FDA Labeling Changes Could Come at a Cost for Food Processors
Front-of-pack labeling, reduced sodium and sugar levels, and enforced ingredient traceability are on the horizon for food manufacturers. Here’s what processors can expect next.
Some examples of front-of-pack labeling being proposed by the FDA, which focus on a traffic-light format with three key ingredients highlighted.
Michael Costa
Certain segments of the food and beverage manufacturing industry—like snack foods—have been blamed in recent years by health and nutrition advocacy groups and government entities for being at the root of the country’s obesity epidemic, along with other maladies like diabetes, high blood pressure, heart disease, and more.
One solution proposed by these groups is to enact a variety of changes within the food and beverage manufacturing industry, including simplified labeling, lowering levels of sodium and sugar, and enforcing ingredient traceability for allergens.
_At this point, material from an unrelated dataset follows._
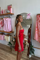 Red, strapless satin mini dress with twisted bust, center cutout, cowl back, and double elasticated back straps

All of these scenarios could put the financial onus on the manufacturer to execute within their operations.
Martin Hahn, partner at Hogan Lovells and SNAC International general counsel, recently discussed where these topics currently stand at SNX in Dallas for an audience of snack manufacturers. Here’s a roundup of what Hahn says processors can anticipate from these proposed initiatives.
Front-of-pack nutrition labeling
In 2022, the White House National Strategy on Hunger, Nutrition, and Health was released, with the goal of ending hunger in the U.S., along with encouraging healthy eating and physical exercise in the population by 2030, which in turn, could reduce diet-related maladies like obesity, diabetes, high blood pressure, and more. Hahn says the underlying message of this strategy is that the bulk of the change needs to come from the food industry through labeling changes and reduced sodium and sugar, rather than focusing more on changing people’s eating habits.
“I felt like if you’re in the food industry then everything is your fault,” says Hahn. “When you look at what was coming out of this program, it was all about what the FDA had to do and what the [food and beverage] industry should be doing to try to take more responsibility for the chronic disease that we have in this country, and I just inherently think that’s unfair.”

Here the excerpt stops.